Luckily, we don't have to know what we want. We only have to know how we want to feel and all of us, every single one of us already knows that. We just have to get our hypothalamus to start creating the right neuropeptides and our cells to start producing the right keyholes!

Now our cells may have had decades creating all these keyholes for chaos and shame and fear and guilt and grief, but we can start building new keyholes today - right this minute. We can start focusing on how we want to feel (regardless of what is happening in our lives) today.

How might this work? Well, let's say we have a goal of making more money, but we can't really see how we can do this or what this would actually look like. So, we don't worry about that part (worry thoughts will just produce worry keyholes in our cells and we will literally become made of worry).

If we want to attract more money we think about the feelings that extra money would bring us which could be : safety or freedom or joy or peace or being loved or cherished or attention (which I've heard is the number one thing women want from men) or appreciation (which I've heard is the number one thing men want from women) or some other thing or all of these things.

We make a list of the emotions we want to feel.

(always write lists out by hand and use script since there is more energy in our physical makings and more fluid movement with script writing - I have heard some schools are no longer teaching script - maybe they have forgotten we all need to be able to sign our names and our unique signatures come from writing script letters a hundred, gazillion times)

We spend time each day with this list feeling each emotion. 

We think about things we have experienced before or we just make stuff up - our body doesn't know the difference. We just feel what it feels like to be secure - to have enough money that we can take care of everything we need to take care of easily. We feel what it feels like to be happy and joyful. We dance around our studios and bedrooms and kitchens. We breathe deeply from our bellies with this stuff.

We also notice when we feel these emotions throughout the day (and we will start feeling them more and more) and we savor them.We don't wait for something to happen to feel a good emotion, we just feel them for no outside reason at all.

(think about that Meg Ryan diner scene in When Harry Met Sally, you know the one I mean, we need to really savor these emotions that we want to feel - other people will just want some of what we are having)
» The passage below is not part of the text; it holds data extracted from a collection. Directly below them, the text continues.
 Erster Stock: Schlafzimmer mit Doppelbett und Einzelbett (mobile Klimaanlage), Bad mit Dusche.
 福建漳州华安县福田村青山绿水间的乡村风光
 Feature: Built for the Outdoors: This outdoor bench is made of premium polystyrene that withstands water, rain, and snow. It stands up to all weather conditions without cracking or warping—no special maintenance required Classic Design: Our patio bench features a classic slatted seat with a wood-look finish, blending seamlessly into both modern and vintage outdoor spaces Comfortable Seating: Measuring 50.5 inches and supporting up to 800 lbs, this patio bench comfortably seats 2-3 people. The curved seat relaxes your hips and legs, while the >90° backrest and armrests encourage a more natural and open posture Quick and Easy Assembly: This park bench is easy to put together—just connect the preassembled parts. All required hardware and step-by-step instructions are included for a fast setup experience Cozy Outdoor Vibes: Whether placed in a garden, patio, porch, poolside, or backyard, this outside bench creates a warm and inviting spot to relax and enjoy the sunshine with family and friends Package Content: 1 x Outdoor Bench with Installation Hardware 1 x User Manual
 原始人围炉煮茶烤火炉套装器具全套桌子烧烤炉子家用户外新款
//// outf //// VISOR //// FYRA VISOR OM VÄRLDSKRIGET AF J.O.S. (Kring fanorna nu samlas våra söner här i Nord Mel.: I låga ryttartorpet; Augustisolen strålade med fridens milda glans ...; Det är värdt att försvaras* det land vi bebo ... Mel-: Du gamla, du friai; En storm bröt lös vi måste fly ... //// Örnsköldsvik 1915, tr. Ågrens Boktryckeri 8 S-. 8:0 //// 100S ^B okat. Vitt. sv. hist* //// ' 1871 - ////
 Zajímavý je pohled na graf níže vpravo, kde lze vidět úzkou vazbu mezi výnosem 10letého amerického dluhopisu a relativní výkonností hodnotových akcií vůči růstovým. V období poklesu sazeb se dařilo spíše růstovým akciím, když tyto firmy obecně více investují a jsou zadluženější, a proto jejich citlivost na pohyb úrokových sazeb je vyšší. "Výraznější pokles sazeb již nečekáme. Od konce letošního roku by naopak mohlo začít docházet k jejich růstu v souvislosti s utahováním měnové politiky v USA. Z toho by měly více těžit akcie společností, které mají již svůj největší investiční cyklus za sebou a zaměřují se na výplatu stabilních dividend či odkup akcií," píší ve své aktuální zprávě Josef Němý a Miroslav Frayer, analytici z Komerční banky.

When we notice a negative thought coming in - we catch it before it produces the negative emotion. We let that thought go - we replace it with another thought - one that produces the emotion we want to build keyholes for-

the kind of emotion we want to feed our body; the kind of emotion we want our bodies, and lives, to be created from; the kind of emotion we want to attract more of.

(yes, I'm dangling participles all over the place - ignore this)

Now, again this isn't about pouring pink paint over our problems and pretending they don't exist (as Marianne Williamson says) - sometimes we are going to get mad or feel overwhelmed or sad or scared - once the thought has brought on the emotion, we let our bodies feel it, then we let it go - breath it out with a pulse breath.

We move on to a better thought and an emotion we want to have. We let our bodies chow down on that.

I turned my entire life around very quickly many years ago with just this step and meditation. I have gotten out of practice but am back on the wagon .. will report on what develops.